Source records:
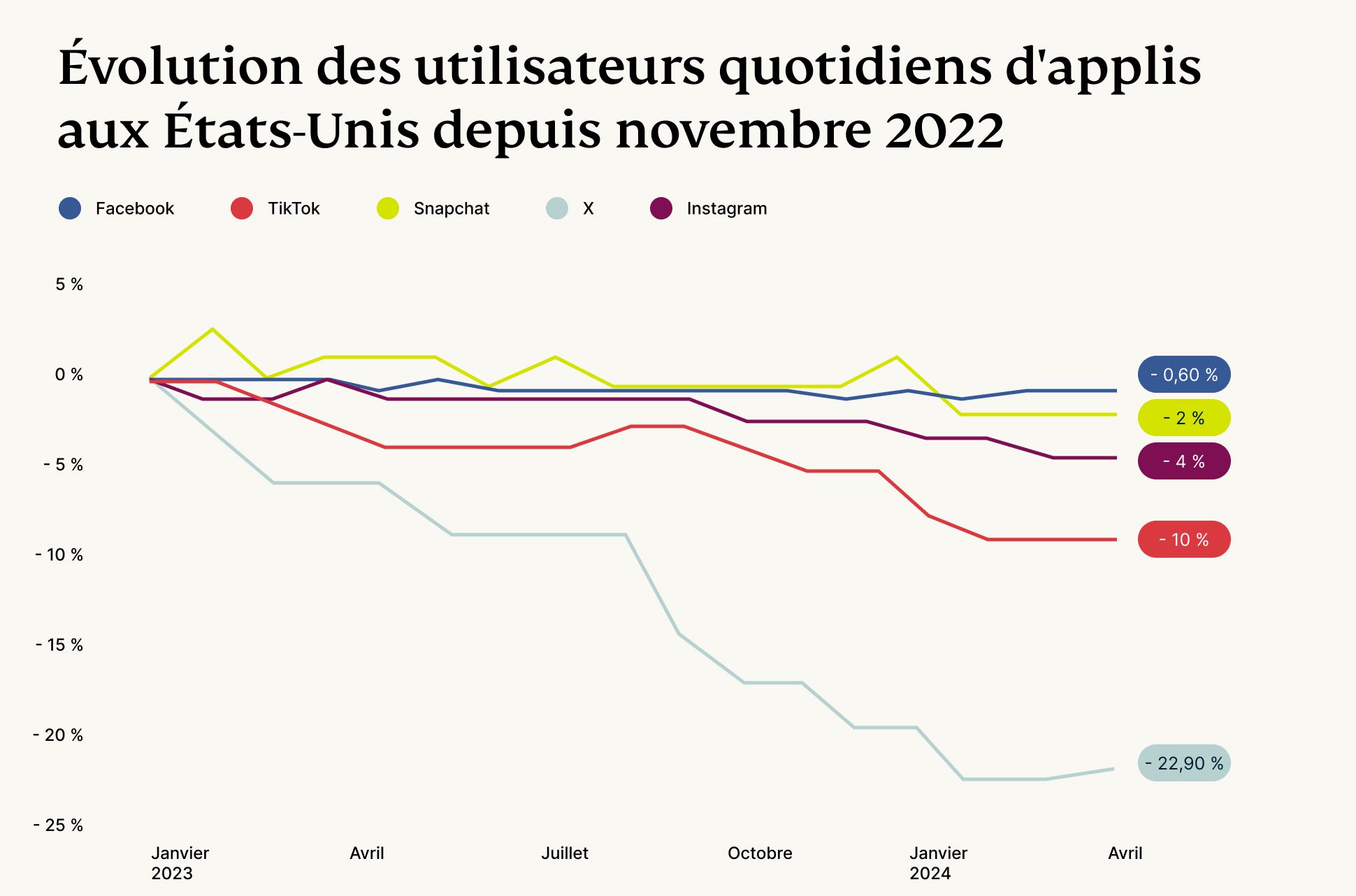 Le parcours de X vers le statut de super application, en particulier sur un marché américain concurrentiel saturé par des géants tels que Facebook, YouTube, Instagram et Snapchat, présente un défi notable marqué par son classement actuel en tant que cinquième plateforme de médias sociaux la plus populaire. La difficulté principale de X est liée à sa base d'utilisateurs en perte de vitesse, un aspect important qui doit être pris en compte si X veut atteindre ses objectifs ambitieux.
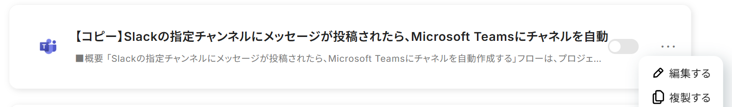 以下の画像が表示されたら、トリガーをONにしてください。 これですべての設定が完了したので、Slackの指定チャンネルにメッセージが投稿されたら、Microsoft Teamsにチャネルを自動作成されるかを確認してみましょう。
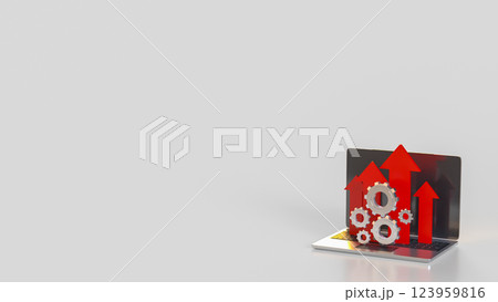 The Arrow and Gear on Notebook for Business concept 3d Rendering.
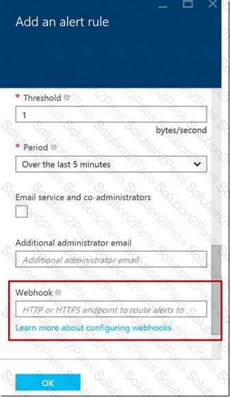You need to create a notification if the peak averageresponse time of an Azure web app named az400-9940427-main is more than five seconds when evaluated during a five-minute period. The notification must trigger the “https://contoso.com/notify” webhook.
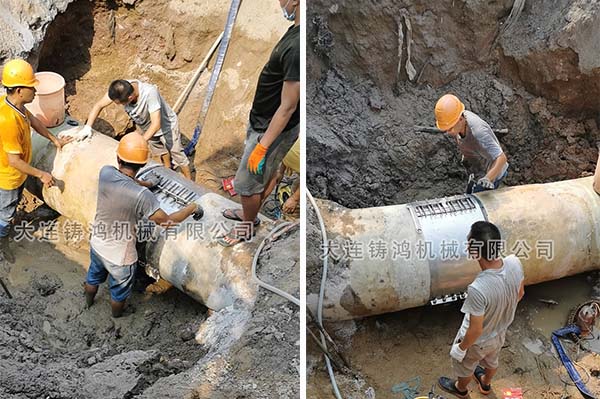 博鰲論壇期間,海南瓊海水務(wù)發(fā)現(xiàn)dn800的玻璃鋼夾砂管粘糊處發(fā)生泄露,管道漏點(diǎn)處空間狹窄,管道凹凸不平,修補(bǔ)起來較為棘手,由于現(xiàn)場不能停水,不能使用粘糊方式進(jìn)行修復(fù),選擇備貨的管道修補(bǔ)器修補(bǔ),由于沒有相應(yīng)外徑產(chǎn)品備貨。簡單處理后,使用萬能片無限延長修補(bǔ)器快速搭接出管徑,完成修補(bǔ)。
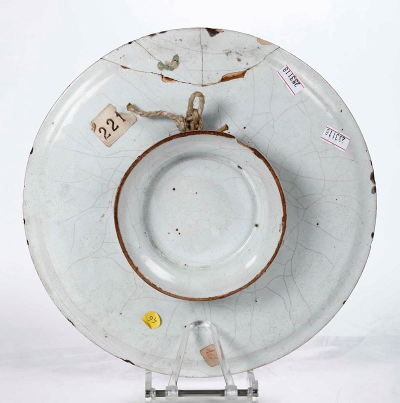 Maiolica decorata con colori a gran fuoco. Dimensioni: altezza cm 5; diametro cm 26. Conservazione: rottura rincollata al bordo; minime sbeccature
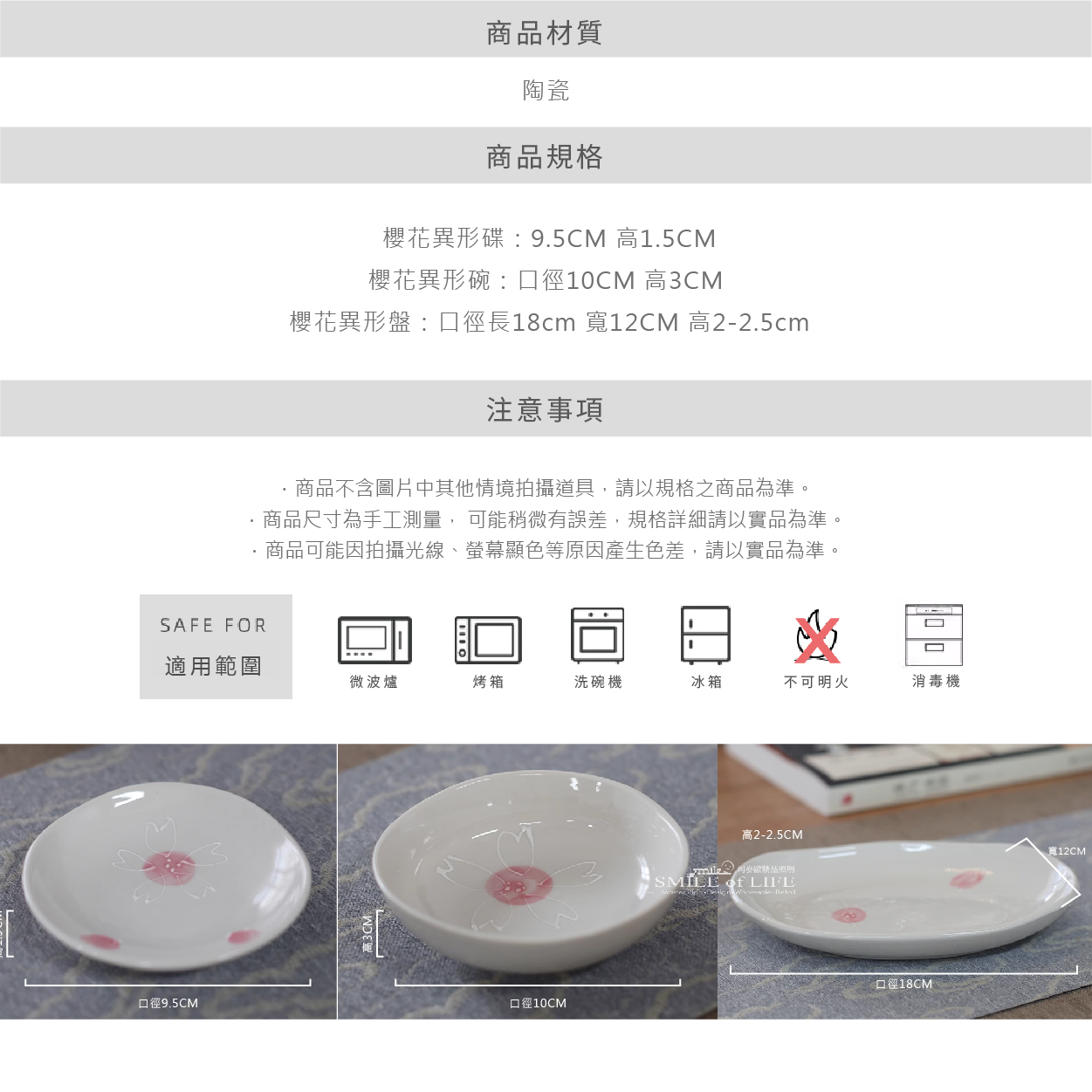 手繪釉下彩櫻花陶瓷餐具 每一片櫻花圖案都由匠人手繪而成 釉下彩工藝讓圖案色澤柔和、歷久彌新 碟子形狀優雅,配上綻放的櫻花圖案 宛如春日盛開的櫻花樹,為您的餐桌增添一抹雅緻的自然風情 無論是搭配醬料、佐料,還是用於點綴甜品 這款醬料碟都能讓每一餐都宛如春日賞櫻的美好時光! 商品尺寸 異形碟:口徑9.5cm 高1.5cm 異形盤:口徑18cm 寬12cm 高2-2.5cm 異形碗:口徑10cm 高3cm![]()
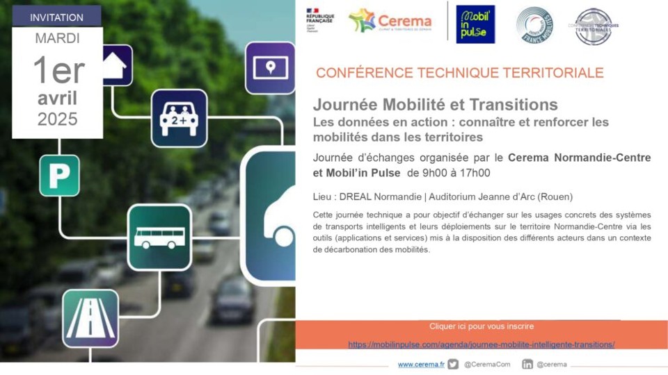 Journée Journée Mobilité Intelligente & Transitions organisée à Rouen par Mobil'inPulse et le Cerema le 1er avril de 9h00 à 17h00.
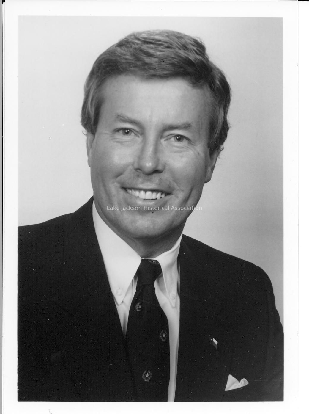 Black and white photo of J.E. "Buster" Brown District 17. Photo used in the publication of the Lake Jackson News and the Brazorian NewsCollection
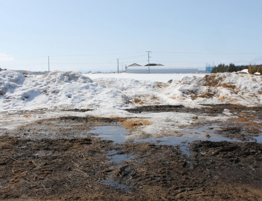 暖かな土曜日、雪どけが進みます。 牧場の南側の畑も、端っこは泥だらけになっています。 ここに足を踏み入れたら、タイヘン…! 畑一面に広がる雪がこれから数日のうちに全部とけてしまうのですから、太陽のエネルギーおそるべしです。 来週には市内で卒業式があり、お彼岸もすぐです♪

Exercise: The copy must begin at the line containing "Journée Journée Mobilité" and end at the last line of the data above, with every line retyped exactly and no pictures included.

Result of the task:
 Journée Journée Mobilité Intelligente & Transitions organisée à Rouen par Mobil'inPulse et le Cerema le 1er avril de 9h00 à 17h00.
 Black and white photo of J.E. "Buster" Brown District 17. Photo used in the publication of the Lake Jackson News and the Brazorian NewsCollection
 暖かな土曜日、雪どけが進みます。 牧場の南側の畑も、端っこは泥だらけになっています。 ここに足を踏み入れたら、タイヘン…! 畑一面に広がる雪がこれから数日のうちに全部とけてしまうのですから、太陽のエネルギーおそるべしです。 来週には市内で卒業式があり、お彼岸もすぐです♪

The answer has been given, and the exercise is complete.